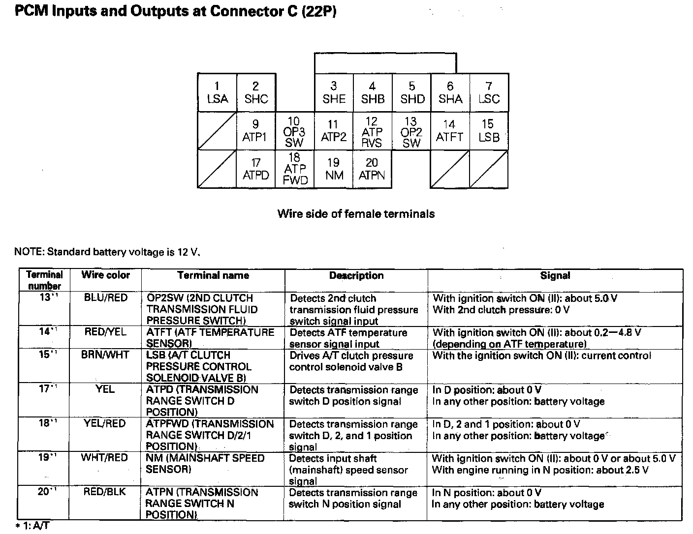 PCM Inputs And Outputs At Connector C (22P) Part 1:
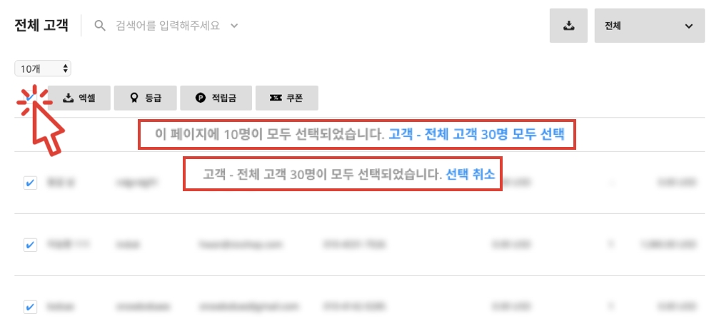 [관리하기 > 고객] 목록의 등급별 분류 화면 또는 상세 검색 결과에서 보이는 고객 전체를 선택할 수 있도록 개선했습니다. 특정 등급 고객 전체에게 쿠폰이나 적립금을 지급할 때 편리하게 사용해보세요.
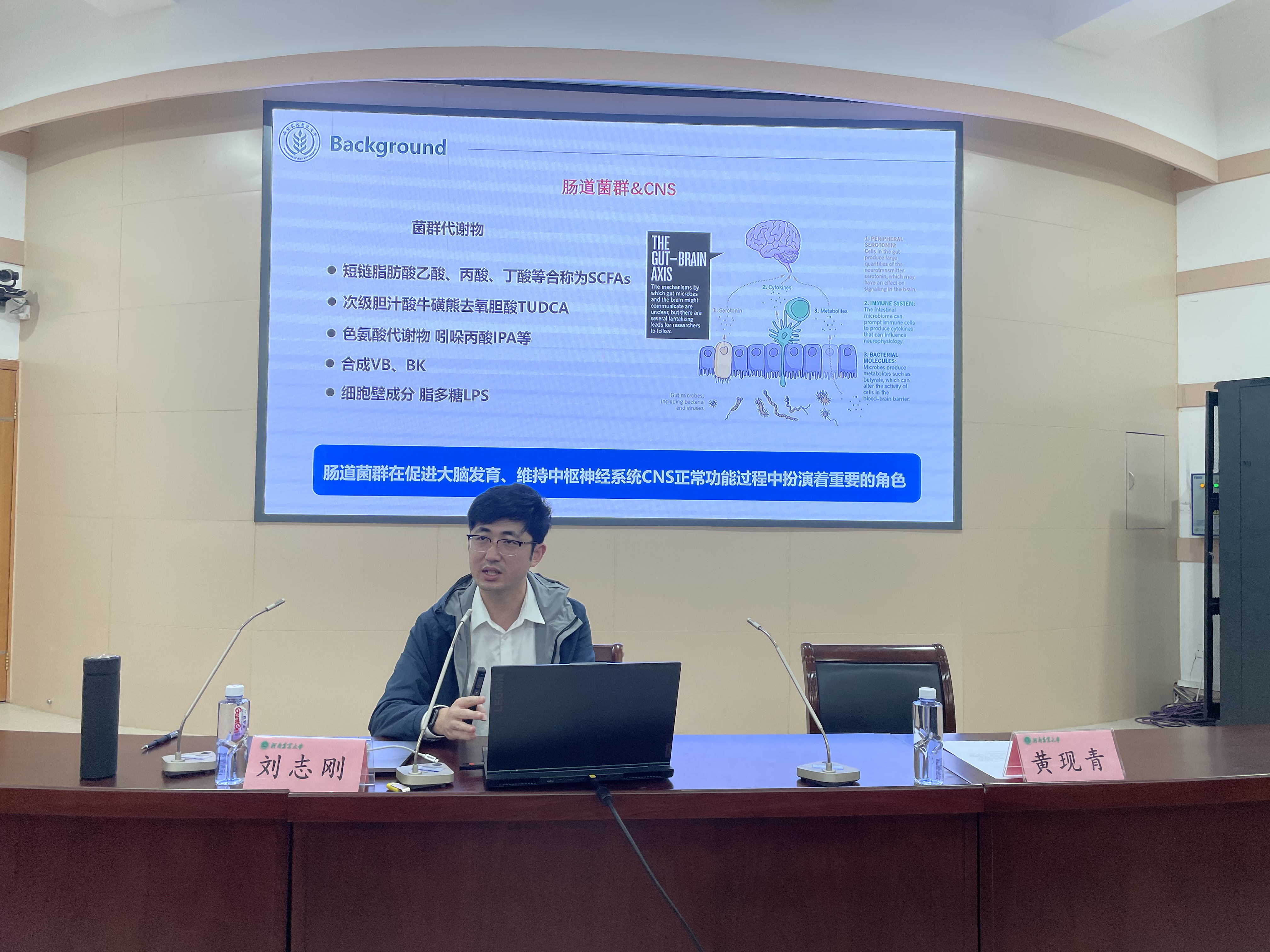 报告会上,黄现青院长向师生介绍了刘志刚教授的个人简历及主要科研成果,并对刘教授的到来表示热烈的欢迎。刘教授首先介绍了孕前肥胖的危害性,指出母代肥胖不仅影响母亲自身健康,同时是后代疾病起源的重要影响因素。随后,刘教授分享了课题组的一系列相关研究,指出母代孕前肥胖与子代学习、社交能力下降密切相关,动物研究显示母代膳食纤维干预能够缓解肥胖母亲产后抑郁,并改善了母带肥胖诱导的子代神经发育问题。进一步探究机制发现,膳食纤维是通过影响肠道菌群影响子代认知、社交功能,肠道菌群的代谢物短链脂肪酸可能通过影响了剪接体功能影响神经小胶质细胞成熟过程,进而发挥保护作用。这些具有创新性和前瞻性的研究给师生们留下了极其深刻的印象。

++++++

- [Task]:
The line with "[관리하기 > 고객]" ends the range, and the first line of the data begins it; repeat exactly those lines and nothing more, omitting pictures.

- [Your solution]:
 PCM Inputs And Outputs At Connector C (22P) Part 1:
 [관리하기 > 고객] 목록의 등급별 분류 화면 또는 상세 검색 결과에서 보이는 고객 전체를 선택할 수 있도록 개선했습니다. 특정 등급 고객 전체에게 쿠폰이나 적립금을 지급할 때 편리하게 사용해보세요.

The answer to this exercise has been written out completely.